_Exercise directions_.
From the line containing "Фасад дома выполнен" through the last line of the entries below, transcribe each line exactly, excluding any picture.

_Available data_.
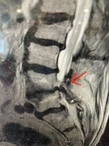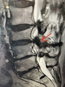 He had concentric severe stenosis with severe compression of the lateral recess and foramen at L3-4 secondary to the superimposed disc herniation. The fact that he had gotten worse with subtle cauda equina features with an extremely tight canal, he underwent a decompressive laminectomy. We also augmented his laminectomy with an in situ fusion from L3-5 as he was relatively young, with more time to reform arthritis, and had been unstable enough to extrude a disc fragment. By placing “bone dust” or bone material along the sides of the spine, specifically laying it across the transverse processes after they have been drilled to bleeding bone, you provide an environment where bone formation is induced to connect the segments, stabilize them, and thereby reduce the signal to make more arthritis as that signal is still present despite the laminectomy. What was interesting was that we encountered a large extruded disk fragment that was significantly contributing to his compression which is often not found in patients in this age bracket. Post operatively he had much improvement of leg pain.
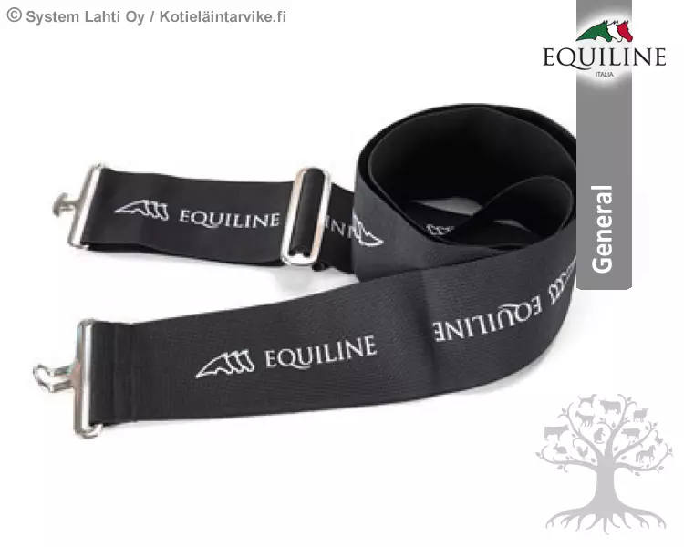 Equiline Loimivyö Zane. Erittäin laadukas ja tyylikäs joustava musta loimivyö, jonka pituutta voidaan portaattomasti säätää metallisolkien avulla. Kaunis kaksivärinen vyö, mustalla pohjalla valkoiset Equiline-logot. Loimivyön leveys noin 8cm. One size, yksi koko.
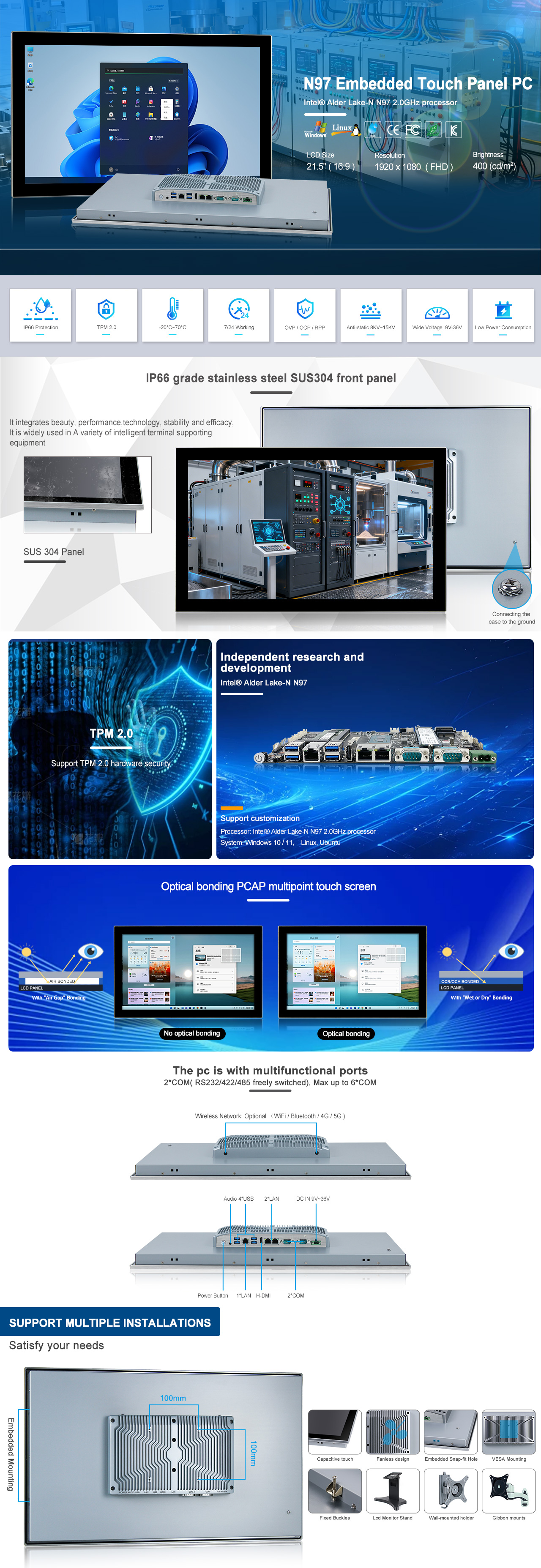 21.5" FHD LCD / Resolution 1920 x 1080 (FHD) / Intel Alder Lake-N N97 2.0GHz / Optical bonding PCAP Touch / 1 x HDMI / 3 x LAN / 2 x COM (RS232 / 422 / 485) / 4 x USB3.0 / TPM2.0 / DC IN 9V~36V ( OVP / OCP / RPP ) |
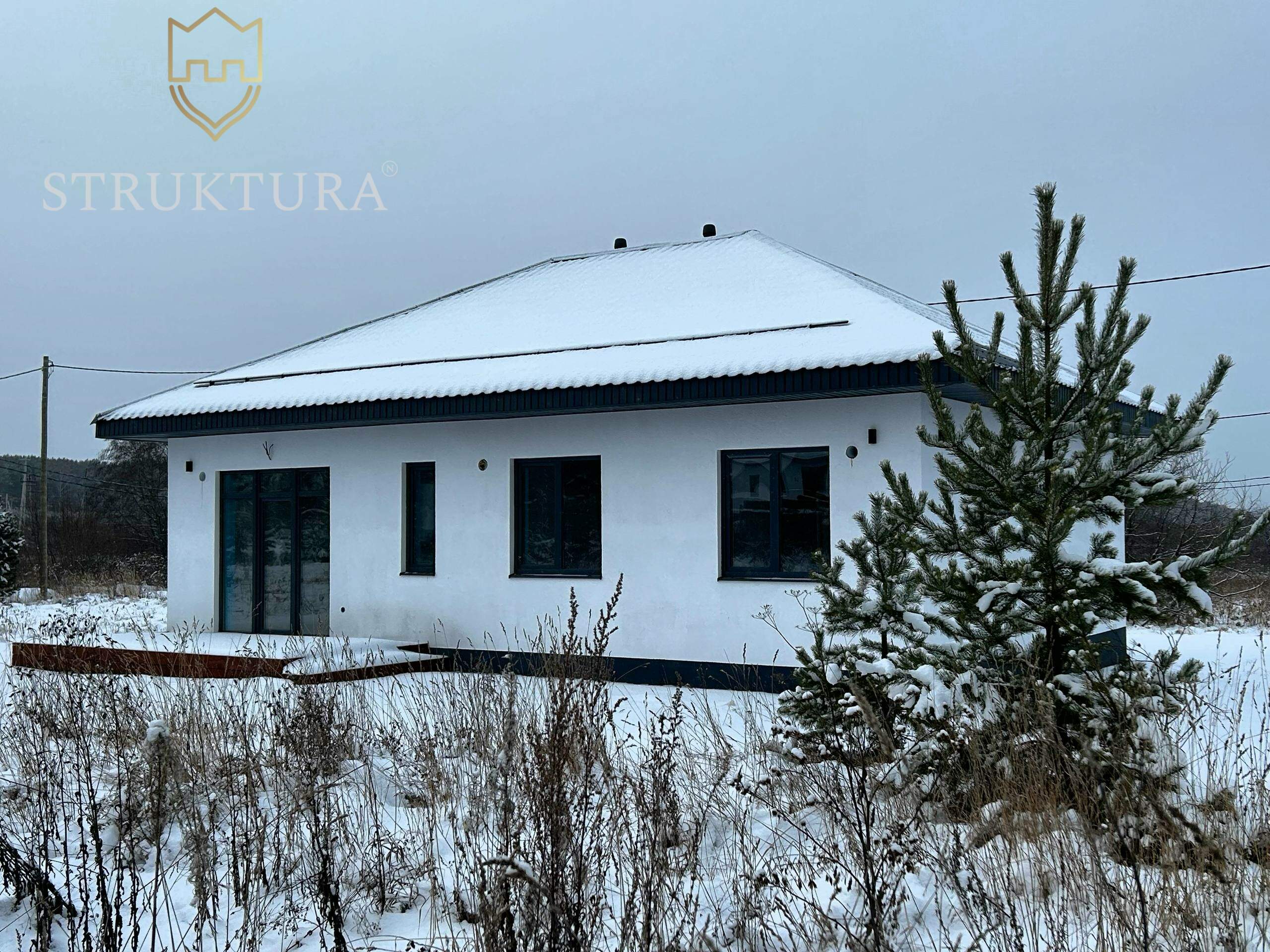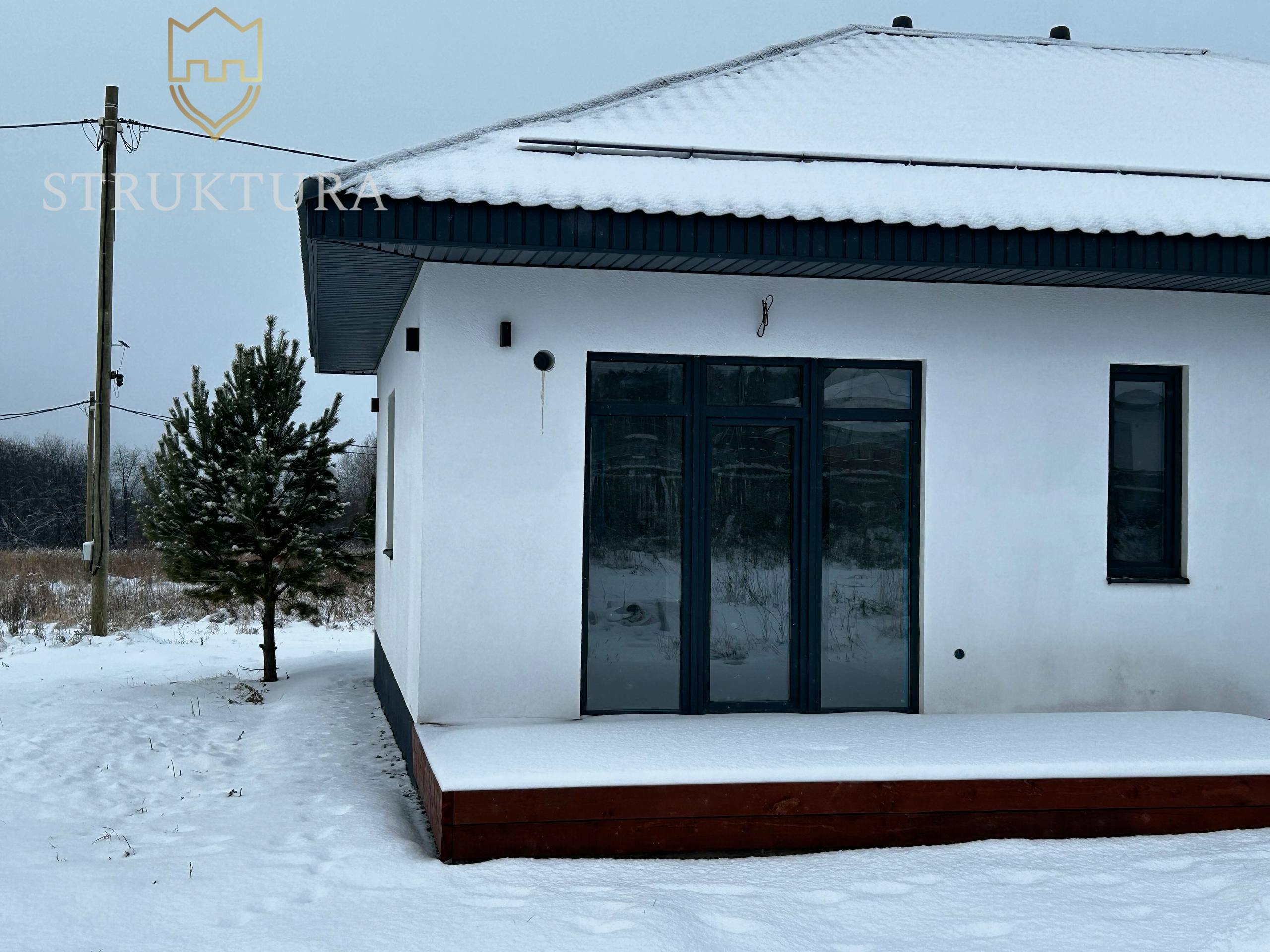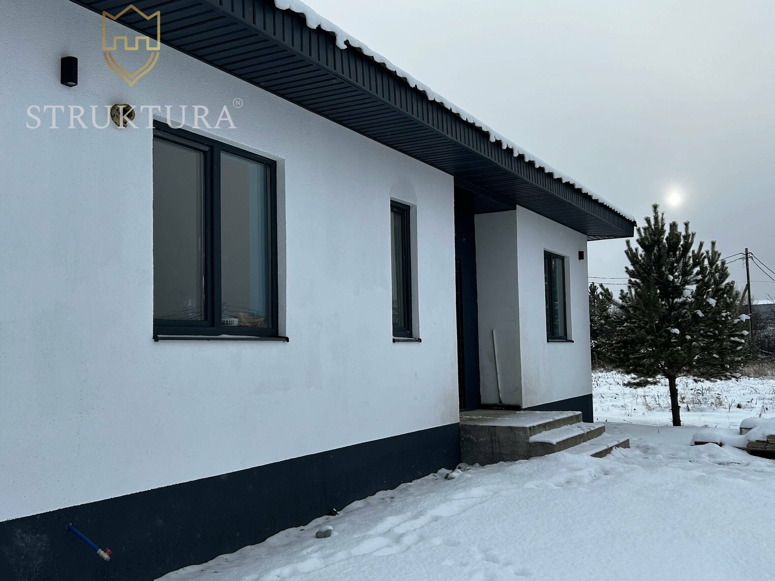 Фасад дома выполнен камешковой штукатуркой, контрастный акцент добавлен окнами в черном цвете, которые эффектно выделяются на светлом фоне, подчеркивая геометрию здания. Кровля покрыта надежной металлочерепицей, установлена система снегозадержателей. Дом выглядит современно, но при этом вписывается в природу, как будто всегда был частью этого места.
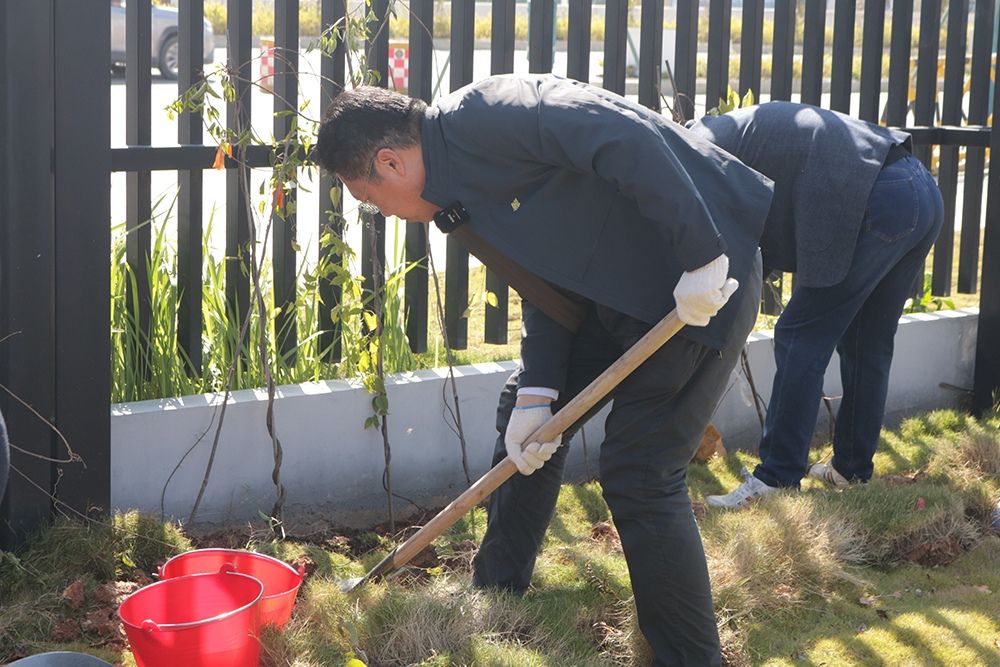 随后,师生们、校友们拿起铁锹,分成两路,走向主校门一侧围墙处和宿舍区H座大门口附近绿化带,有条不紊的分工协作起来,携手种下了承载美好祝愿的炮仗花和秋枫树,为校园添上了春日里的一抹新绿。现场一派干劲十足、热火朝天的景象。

_Output_.
 Фасад дома выполнен камешковой штукатуркой, контрастный акцент добавлен окнами в черном цвете, которые эффектно выделяются на светлом фоне, подчеркивая геометрию здания. Кровля покрыта надежной металлочерепицей, установлена система снегозадержателей. Дом выглядит современно, но при этом вписывается в природу, как будто всегда был частью этого места.
 随后,师生们、校友们拿起铁锹,分成两路,走向主校门一侧围墙处和宿舍区H座大门口附近绿化带,有条不紊的分工协作起来,携手种下了承载美好祝愿的炮仗花和秋枫树,为校园添上了春日里的一抹新绿。现场一派干劲十足、热火朝天的景象。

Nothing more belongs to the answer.